A New Era of Antibiotic Discovery with James Martin

Feb 4, 2021
36:45

Bacteria are rapidly evolving ways to resist antibiotics, causing minor infections to become life-threatening events. Compounding the problem, new antibiotics have been incredibly challenging to develop and pharma is economically disincentivized to invest in finding them. James Martin and his colleagues Joseph Sheehan and Benjamin Bratton took on this challenge, developing an extremely potent antibiotic that targets multiple different classes of bacteria. James tells the story of identifying this antibiotic, understanding its potential, and pinpointing how its structure begets its function.
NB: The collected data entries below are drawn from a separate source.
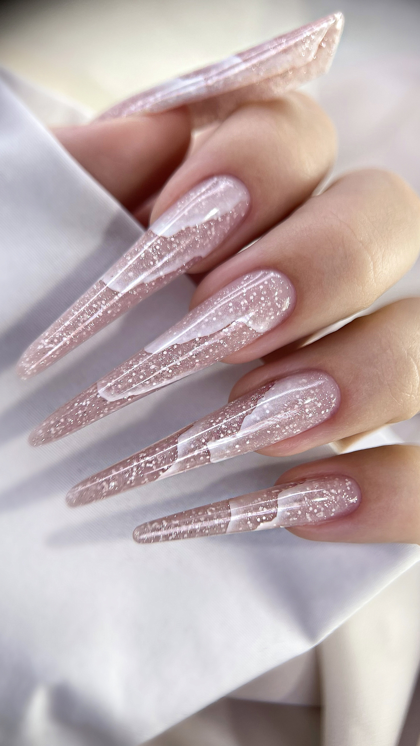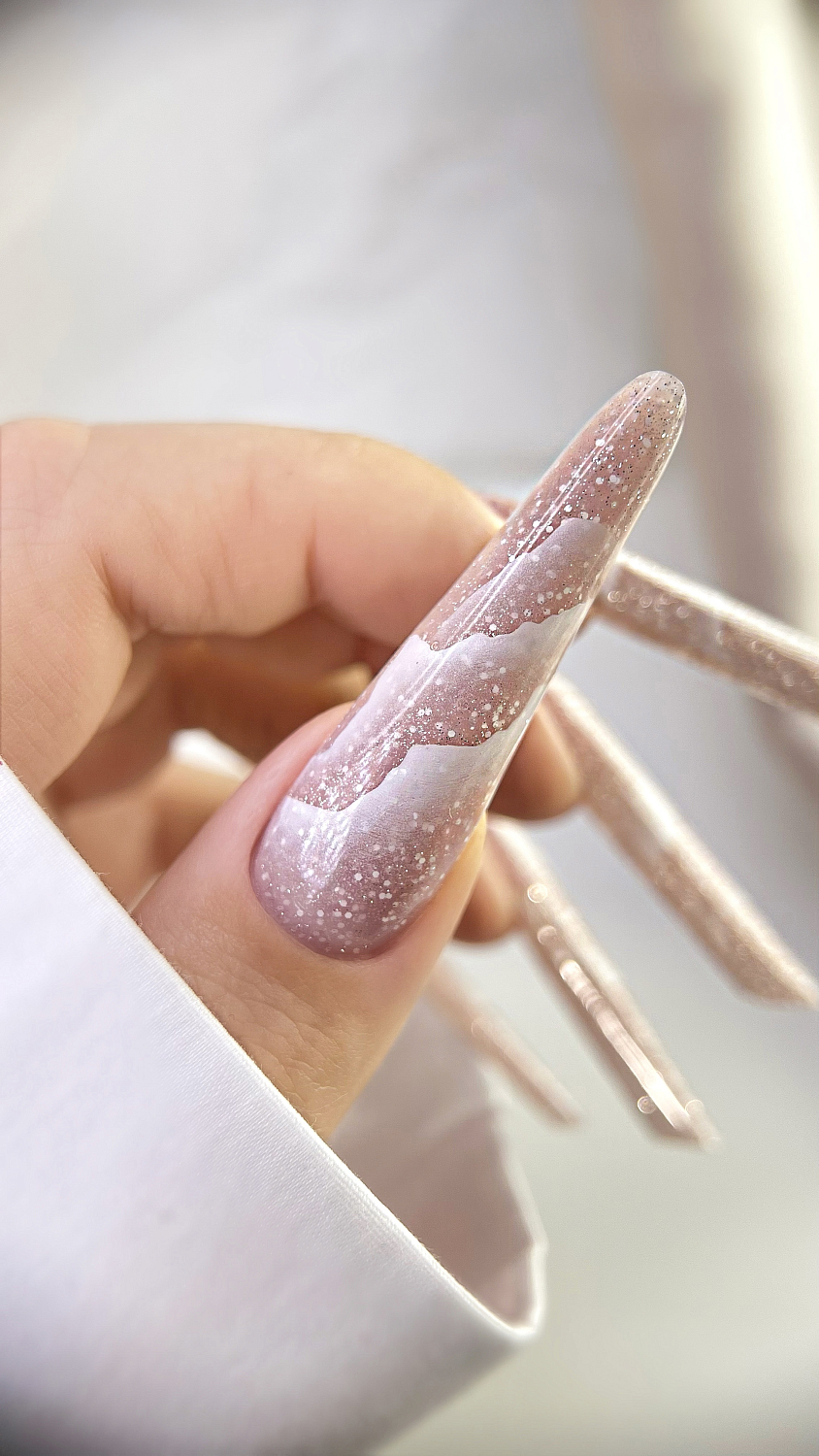 Нежные пастельные оттенки, усыпанные деликатными белыми точками, словно хлопьями первого снега, подарят ощущение очарования зимней свежестью. Создайте прочный и изысканный маникюр, напоминающий о тихих зимних вечерах и волшебстве приближающихся праздников!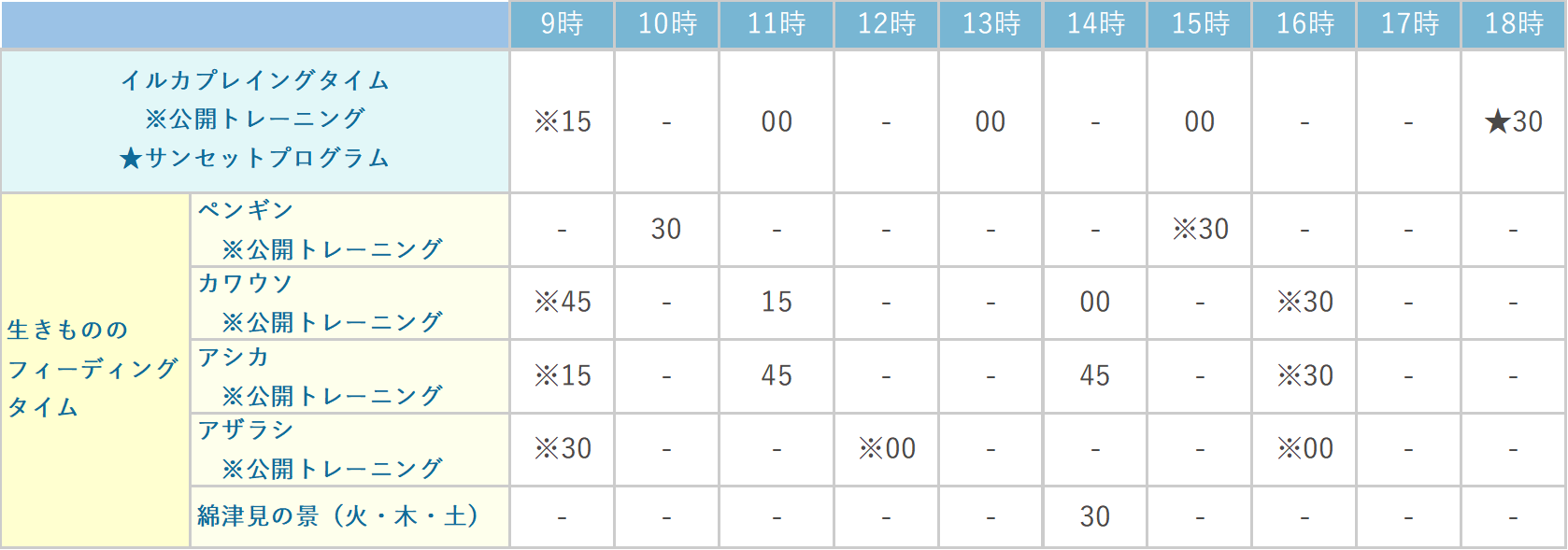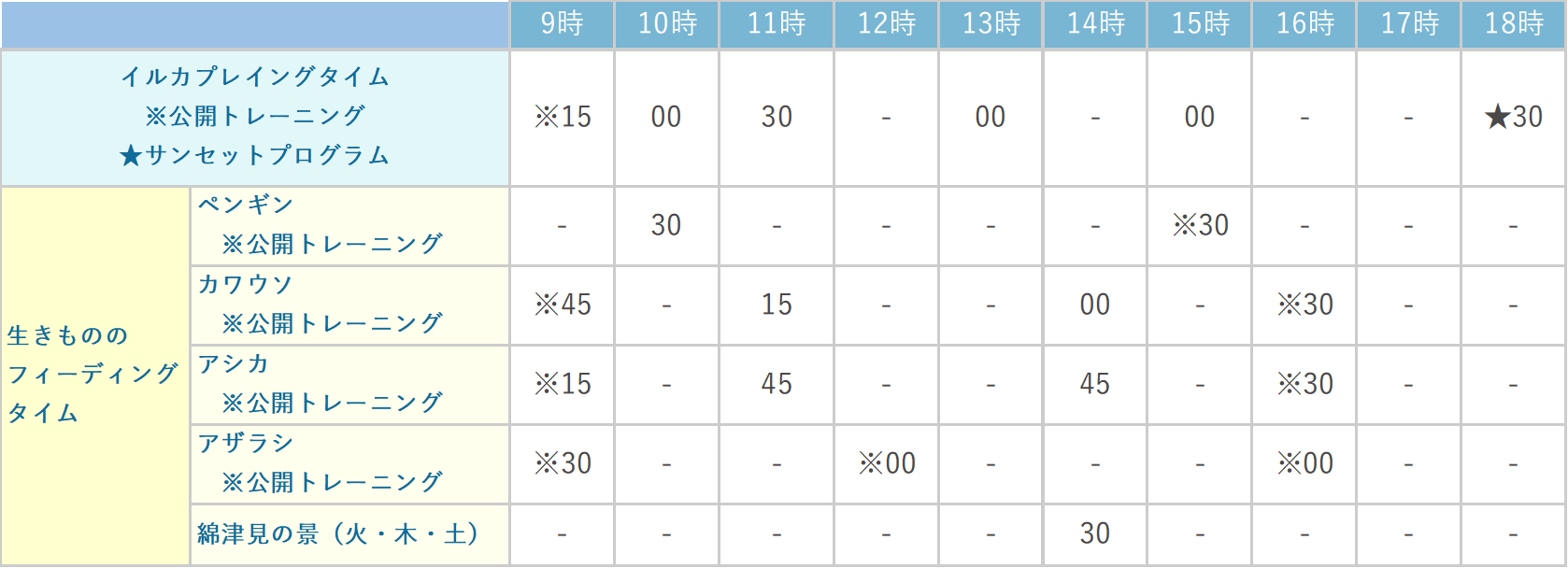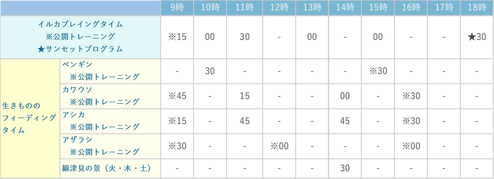 - 場所:イルカ棟2階 海豚プール・サンセットデッキ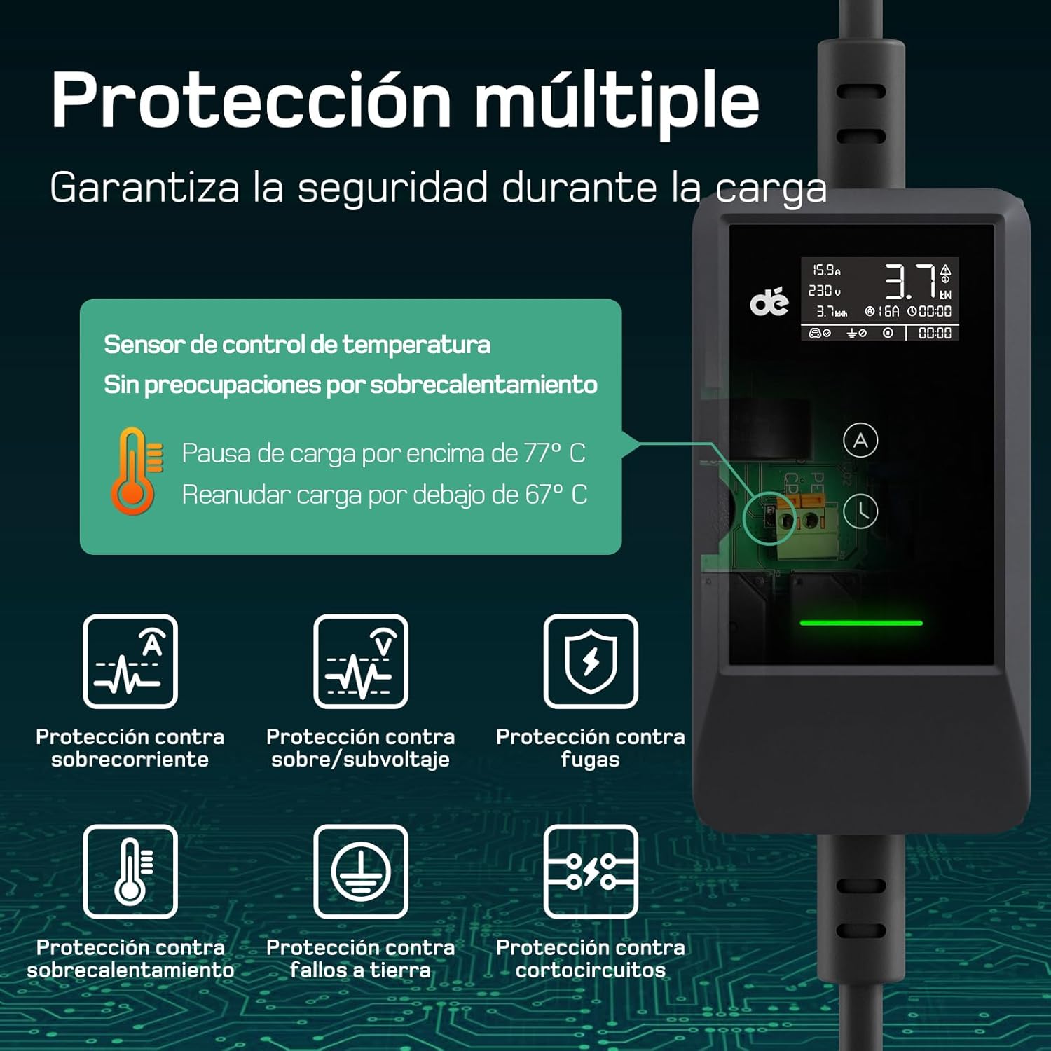 ![dé Electric Car Charger 3.7kW 5.5 m [4.65 m+0.85 m, 6-16A] Portable Electric Vehicle Charger with Wall Bracket, LCD Digital Display, Controllable for Model Y/3, GLC, A250, Q3 and Other EV/PHEV - Image 7](http://accesoriosev.com/wp-content/uploads/2026/02/1771072520_de-Electric-Car-Charger-3.7kW-5.5-m-4.65-m0.85-m-6-16A-Portable-Electric-Vehicle-Charger-with-Wall-Bracket-LCD-Digital-Display-Controllable-for-Model-Y3-GLC-A250-Q3-and-Other-EVPHEV.jpg)

Describing the state-of-the art CRISPR screens, proteomics, and machine learning methods they used, James calls for a new era of antibiotic discovery to meet the impending wave of superbugs.

 

About the Author

  • James Martin performed this work as a graduate student in Professor Zemer Getai’s lab at Princeton University.
  • James’s optimism and drive to understand a problem from all angles led him and his colleagues to develop one of the most potent antibiotics ever found.

Key Takeaways

  • Our arsenal of antibiotics will soon be worthless, as bacteria evolve ways to get around their killing effects.
  • Adding new antibiotics to this arsenal has been slow because they are challenging to discover and they have poor return on investment.
  • Synergizing a number of new biological tools available like high throughput microscopy, CRISPR, and machine learning, new antibiotics can be developed and understood faster than ever before.
  • Applying this fresh take on antibiotic discovery, a novel drug is found that targets a wide-variety of bacteria and is difficult to evolve resistance to.

Translation

  • Moving this extremely potent compound to the clinic will require some smart biochemistry to make it a better drug.
  • The research of James and his colleagues demonstrates a paradigm shift in how antibiotic discovery pipelines are performed to more easily and rapidly find these new drugs.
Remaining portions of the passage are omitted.